Marie Curie launches Great Daffodil Appeal

Press release published

Marie Curie Cancer Care launches its annual Great Daffodil Appeal today (Friday 01 March 2013). The Great Daffodil Appeal is Marie Curie’s biggest fundraising campaign and encourages everyone to give a donation and wear one of the charity’s daffodil pins during March.
 
The funds raised from the appeal are vital in helping Marie Curie nurses provide much needed free nursing care to people with a terminal illness and vital support for their loved ones, allowing families to spend their final weeks, days or hours with the people and things they love close by.
 
This year’s campaign focuses on your last moments meaning as much as your first and is supported by a nationwide TV advertisement to highlight this. The ad which has been directed by Tom Tagholm the man behind the ‘Meet The Superhumans’ film for the Paralympics, highlights the importance of the care Marie Curie nurses provide, by comparing first moments such as a kiss, with poignant moments at the end of life such as an older couple holding hands for the last time. 
 
The launch also comes as the charity releases the results of a UK poll that found 71% of people think that people in the UK don’t talk enough about death and dying with half (50%) of people saying they wouldn’t know where to turn for practical support if someone close to them were terminally ill.
 
The research by ComRes for Marie Curie also found the majority of people in the UK (77%) feel that care of the dying should be more of a priority for the NHS, with less than half (47%) of people confident that the NHS would provide high quality care if they or someone close to them were terminally ill.
 
Marie Curie is hoping to raise £7 million from the Great Daffodil Appeal this year which will help provide 350,000 hours of free nursing care.
 
Daffodil pins will be available from volunteer donation collectors on streets across the country, local shops, supermarkets and Marie Curie shops.
 
For more information call 0845 601 3107 (local rate) or visit www.mariecurie.org.uk/daffodil.
 
View the new TV ad at: http://www.youtube.com/watch?v=V5jZES7usio
 
#lastmoments
#wearedaff

-ENDS-

The ComRes UK adults online survey was conducted from 6-8 February surveying 2601 UK adults. Data was weighted to be demographically representative of adults across the UK.


Contact information

Liz Ensor
Senior Media and PR Officer
Claire Diamond
Media and Public Relations Officer

Updated

Notes to editor

The Great Daffodil Appeal
The Great Daffodil Appeal is Marie Curie’s biggest fundraising event and encourages everyone to give a donation and wear one of the charity’s daffodil pins during March.  Since the first Great Daffodil Appeal took place in 1986, an incredible £61.5 million has been raised to fund the charity’s work. This money has enabled Marie Curie to provide more of the free hands-on care and emotional support the charity is renowned for. Daffodil pins will be available from volunteer collectors, local shops and supermarkets.

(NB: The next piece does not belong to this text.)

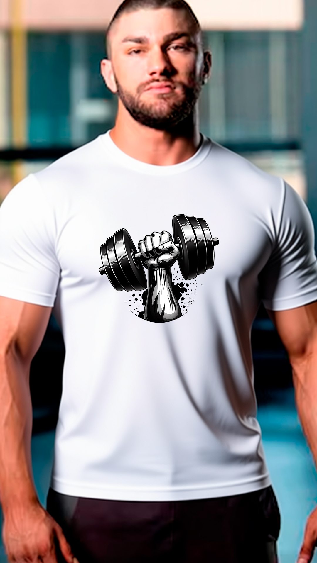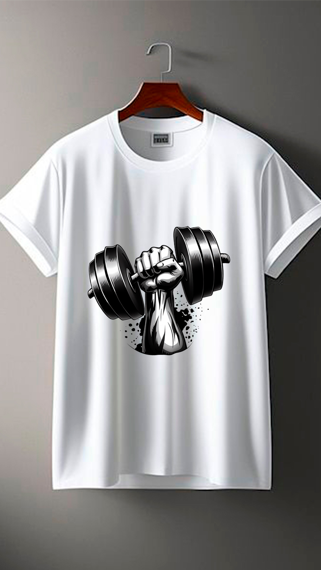 El diseño principal, ubicado en el centro del pecho, es una impresión en blanco y negro que muestra una mano musculosa sujetando una pesa (mancuerna) con firmeza

For more information call 0845 601 3107 (local rate) or visit www.mariecurie.org.uk/daffodil.
 
Marie Curie Cancer Care is one of the UK’s largest charities. Employing more than 2,700 nurses, doctors and other healthcare professionals, it provided care to more than 35,000 terminally ill patients in the community and in its nine hospices last year and is the largest provider of hospice beds outside the NHS.
 
Funding
Around 70 per cent of the charity’s income comes from the generous support of thousands of individuals, membership organisations and businesses, with the balance of our funds coming from the NHS.
 
Marie Curie Nurses
The charity is best known for its network of Marie Curie Nurses working in the community to provide end of life care, totally free for patients in their own homes.
 
Research
The charity provides core funding for three palliative care research facilities; the Marie Curie Palliative Care Research Unit at University College London, the Marie Curie Palliative Care Institute Liverpool and the Marie Curie Palliative Care Centre at the Wales Cancer Trials Unit (Cardiff University). The charity also supports palliative and end of life care research through its project grant funding streams, the Marie Curie Cancer Care Research Programme (administered by Cancer Research UK) and the Dimbleby Marie Curie Cancer Care Research Fund. Both research programmes aims to tackle the funding and knowledge gap in palliative and end of life care research, which in turn will benefit patients, families and carers. The charity also funds seven fundamental scientific research groups which investigate the causes and treatments of cancer. This research was previously carried out at the Marie Curie Research Institute in Oxted, Surrey. The programmes are now located in universities around the country, and will receive funding from the charity until March 2013.
 
The right to die in place of choice
Research shows around 63 per cent of people would like to die at home if they had a terminal illness, with a sizeable minority opting for hospice care. However, more than 50 per cent of cancer deaths still occur in hospital, the place people say they would least like to be. Since 2004 Marie Curie Cancer Care has been campaigning for more patients to be able to make the choice to be cared for and die in their place of choice.